The bill increases oversight, training safeguards, and transparency when IRS personnel are assigned to DHS duties—protecting taxpayer service and reducing unqualified deployments—while risking slower emergency deployments, added administrative costs, and some legal uncertainty about immigration authority.
Taxpayers' access to timely, fair IRS services is protected because TIGTA must find that assigning IRS personnel to DHS duties will not impede taxpayer service or fair law enforcement.
IRS employees will only be assigned DHS tasks if TIGTA determines they are adequately trained, reducing the risk of unqualified staff performing immigration-related functions.
Taxpayers and federal employees gain more transparency because TIGTA determinations and terminations must be published in the Federal Register, creating a public record of when IRS personnel are given DHS duties.
Immigrants and taxpayers could face slower DHS responses in urgent homeland-security situations because requiring TIGTA determinations may delay rapid deployment of IRS personnel.
Federal employees and taxpayers may bear indirect costs because the added TIGTA review workload and administrative steps could divert audit resources or increase Treasury oversight expenses.
Immigrants and state governments may face legal uncertainty because the amendment to DHS visa-authority framing (6 U.S.C. §236(b)) could change how immigration-related authorities are interpreted and applied until resolved in practice or court.
Based on analysis of 2 sections of legislative text.
Prevents DHS from assigning DHS functions to IRS personnel unless TIGTA certifies training and no harm to IRS operations, with determinations published in the Federal Register.

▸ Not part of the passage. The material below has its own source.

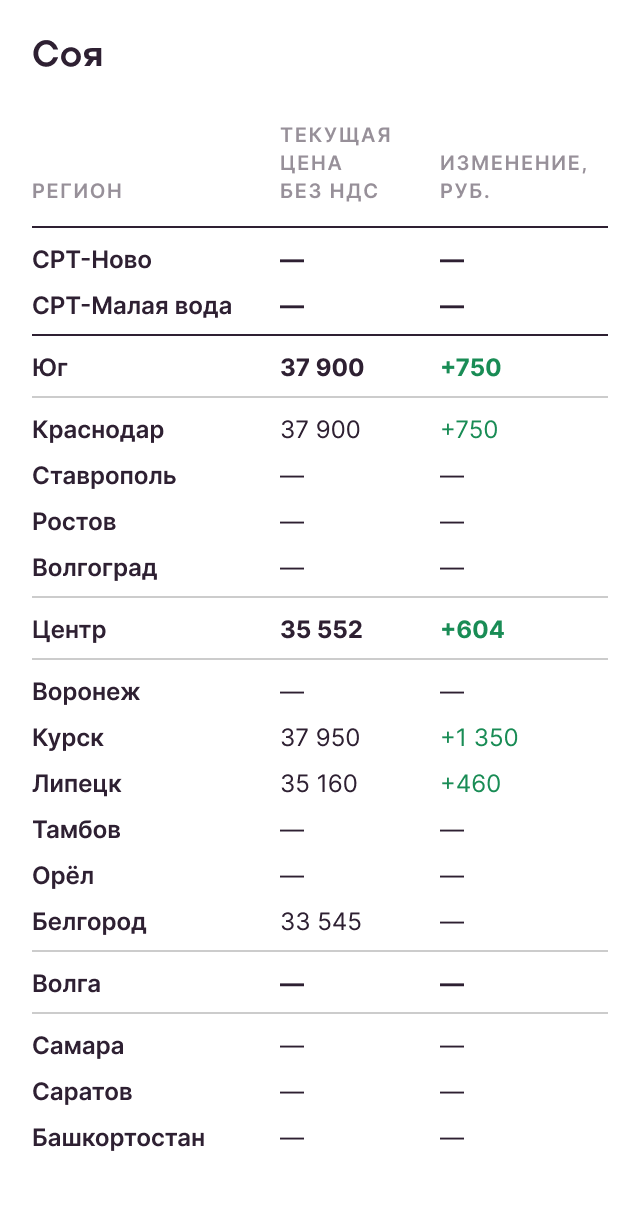 - Свободные объемы сои у аграриев европейской части России минимальны, что оказывает поддержку ценам.

Introduced March 27, 2025 by Suzan K. Delbene · Last progress March 27, 2025
Prohibits the Department of Homeland Security from assigning DHS functions to Internal Revenue Service personnel unless the Treasury Inspector General for Tax Administration (TIGTA) certifies the IRS staff are trained for the duty and that the assignment will not interfere with IRS operations, taxpayer service, or fair enforcement. TIGTA certifications take effect when published in the Federal Register and can be ended the same way. The bill also inserts a substantive change into a provision of federal law that frames DHS visa-authority language.